Records from a dataset
-.-.-
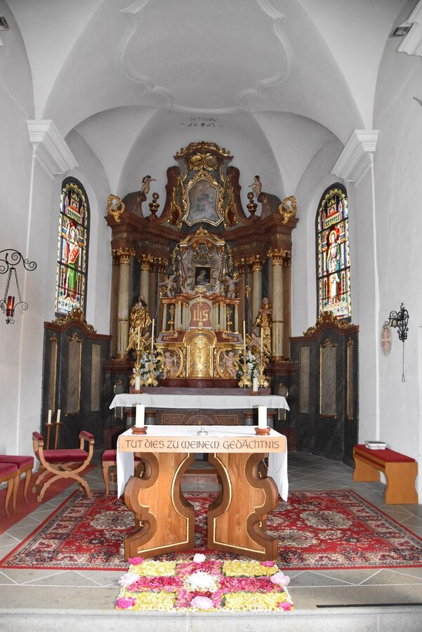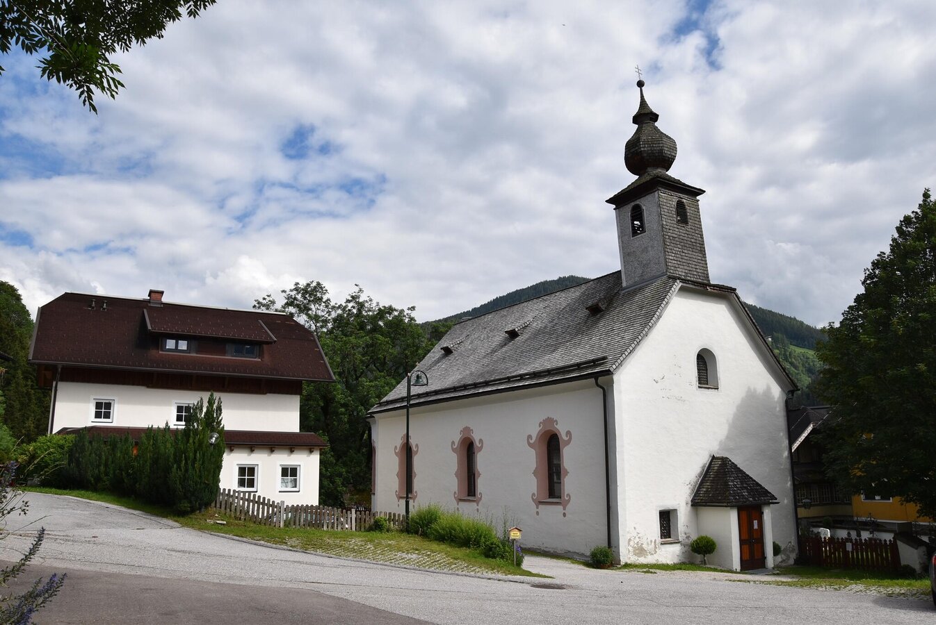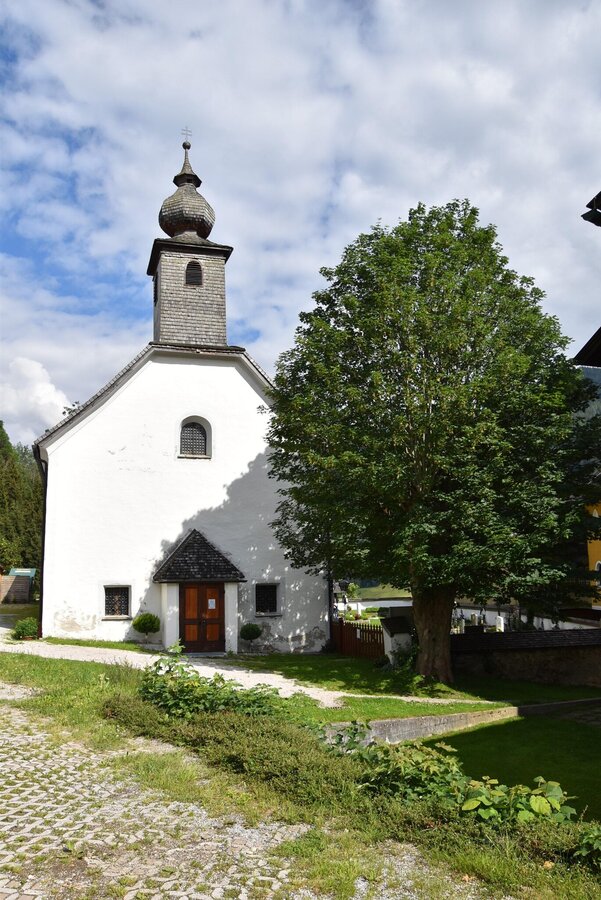 Im Jahre 1258 wurde erstmals urkundlich eine kleine Kirche beim ehemaligen Amtshof des Stiftes St. Peter (Salzburg) erwähnt. Bis 1762 war sie eine Filiale der Mutterkirche Haus, dann wurde sie Vikariat von Haus.
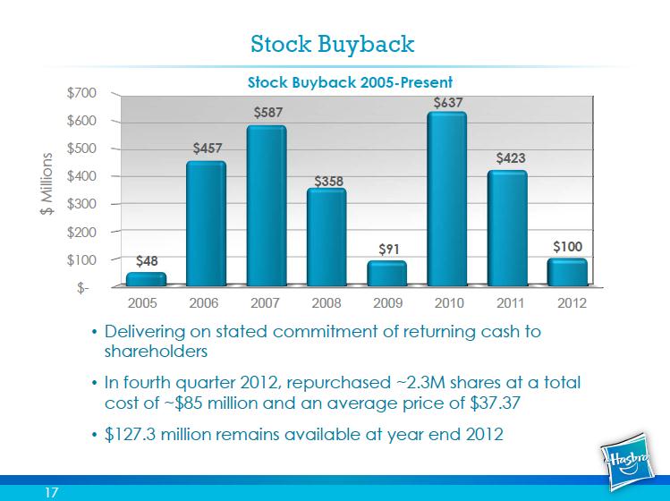 Although earnings were not amazing by any stretch, we were fairly satisfied overall with the year’s developments. The firm increased its dividend 11% to $0.40 per share on a quarterly basis—meaning the annual dividend yield at current levels is 4%! In addition to raising its dividend, the firm repurchased $100 million worth of stock during 2012, well below its recent trends (shown below). The firm has been very prudent with its capital management, and it remains focused on returning cash to shareholders. We expect to update our dividend report on Hasbro soon (Image Source: Hasbro).
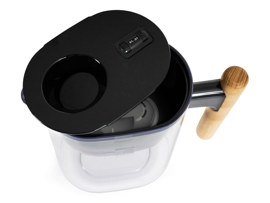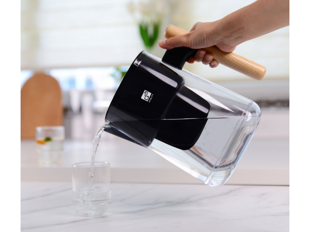 Velice jednoduše. Konvice s celkovým objemem 2,5 l vody má ve víku samostatnou nálevku, takže ji snadno naplníte bez nutnosti sundání víka. Voda se z oddělené nádržky přefiltruje do spodní části konvice a vy si tak do sklenice na pití nebo do varné konvice na čaj či do kávovaru nalijete dokonale čistou a lahodnou vodu bez veškerých škodlivých látek.
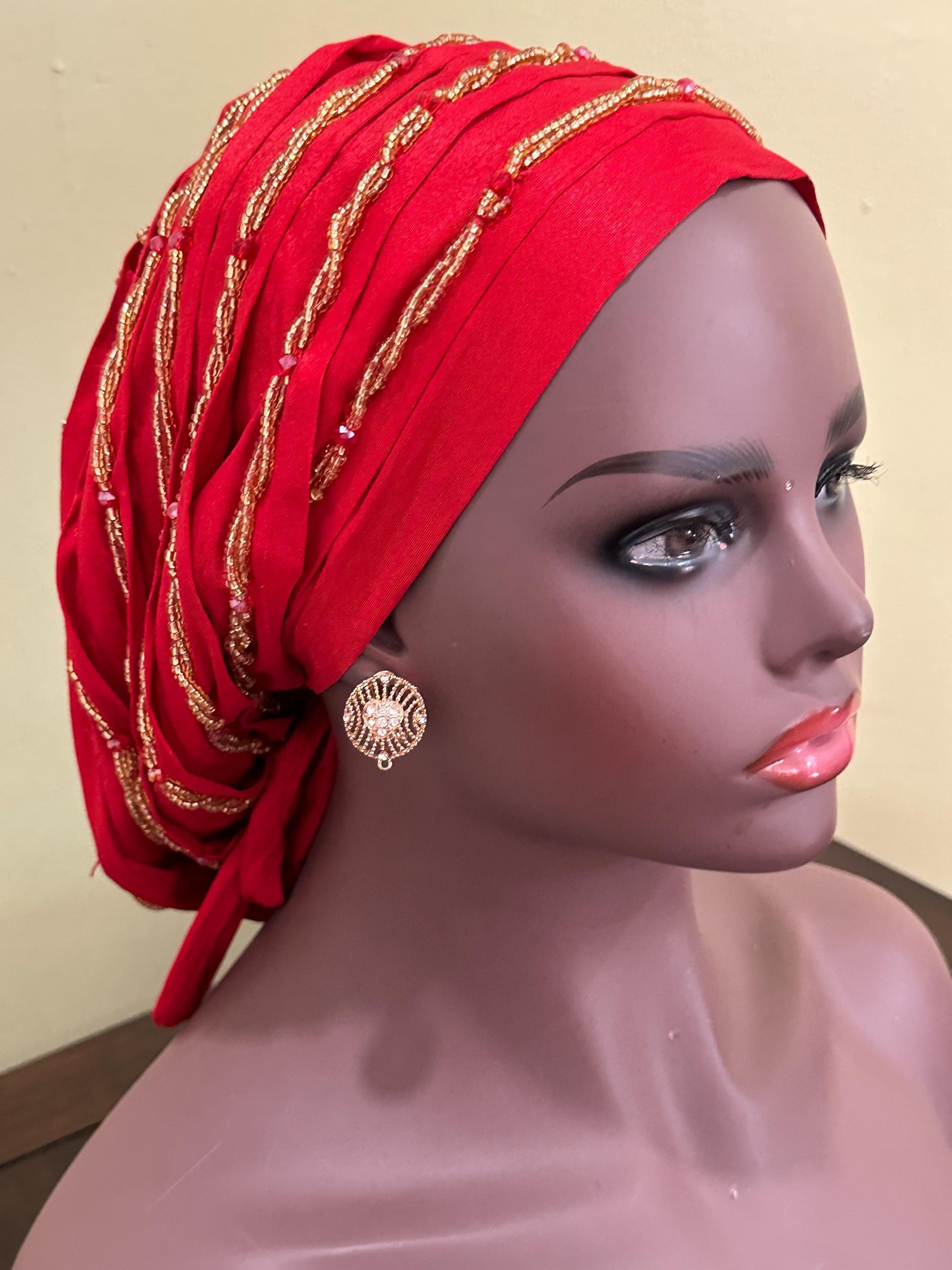 Beautiful Beaded Turban with good quality Material, this women beaded and fully lined headwear is made of quality silky material, it's soft and comfortable, light and breathable, non fading and non pilling, safe and skin friendly, smooth and can be adjusted with the tie, not easy to slip off, not cause damage to your head and skin, and can be worn for a long time
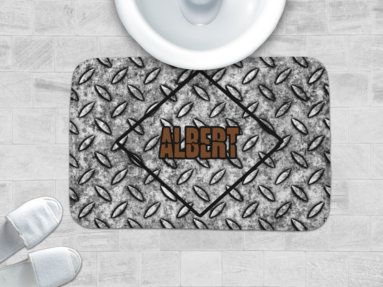 The design idea features a grungy diamond plate as the background. A diamond frame is the focal point of this design idea with your personalization in a grungy font. Nothing could get more manly than this.
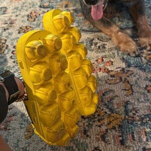 Yellow Egg Carton Slide Sandals Omega Mart Well worn
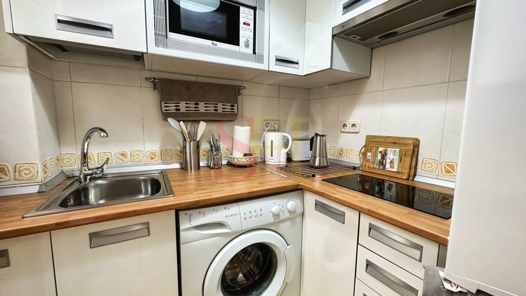 El salón destaca por su decoración cuidada y muebles de excelente calidad, creando un espacio acogedor y sofisticado. La cocina está totalmente equipada con electrodomésticos de primera y menaje completo, ideal para quienes disfrutan de la cocina sin renunciar al confort.
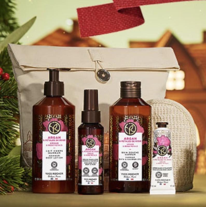 В состав набора входят: Гель для ванни та душу, флакон 400 мл; Молочко для тела, флакон 390 мл; Крем для рук, тюбик 30 мл; Спрей для тела и волос 150 мл Косметичка Мочалка Формат: Набор Молочко, обогащенное аргановым маслом и БИО-экстрактом мароканской розы, эффективно увлажняет сухую кожу тела, улучшает плотность и упругость кожи, расслабляет и в течение длительного времени дарит тонкий цветочный аромат. Гель для ванны и душа, обогащенный аргановым маслом и БИО-экстрактом мароканской розы, дарящие эффект расслабляющего ухода традиционного хамама. Гель нежно очищает и питает кожу тела. Рекомендации по применению: нанесите небольшое количество средства на губку для тела, вспеньте, затем с помощью губки для тела нанесите пену на кожу, тщательно смойте водой. Текстура: прозорий гель. Аромат: нежный, медовый, цветочный
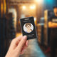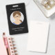 A Minimalist employee badge on a black background with a circle photo frame for company, small business, festival, press staff, etc. It comes with company name, employee's name, job or service on the front. On the back, you have a QR Code, 2 customizable text zones.
-.-.-
• _AIM OF THE EXERCISE_: Exact copy, pictures excluded: from the line with "Although earnings were" up to and including the line with "Yellow Egg Carton" in the data above.

• _TASK RESULT_:
 Although earnings were not amazing by any stretch, we were fairly satisfied overall with the year’s developments. The firm increased its dividend 11% to $0.40 per share on a quarterly basis—meaning the annual dividend yield at current levels is 4%! In addition to raising its dividend, the firm repurchased $100 million worth of stock during 2012, well below its recent trends (shown below). The firm has been very prudent with its capital management, and it remains focused on returning cash to shareholders. We expect to update our dividend report on Hasbro soon (Image Source: Hasbro).
 Velice jednoduše. Konvice s celkovým objemem 2,5 l vody má ve víku samostatnou nálevku, takže ji snadno naplníte bez nutnosti sundání víka. Voda se z oddělené nádržky přefiltruje do spodní části konvice a vy si tak do sklenice na pití nebo do varné konvice na čaj či do kávovaru nalijete dokonale čistou a lahodnou vodu bez veškerých škodlivých látek.
 Beautiful Beaded Turban with good quality Material, this women beaded and fully lined headwear is made of quality silky material, it's soft and comfortable, light and breathable, non fading and non pilling, safe and skin friendly, smooth and can be adjusted with the tie, not easy to slip off, not cause damage to your head and skin, and can be worn for a long time
 The design idea features a grungy diamond plate as the background. A diamond frame is the focal point of this design idea with your personalization in a grungy font. Nothing could get more manly than this.
 Yellow Egg Carton Slide Sandals Omega Mart Well worn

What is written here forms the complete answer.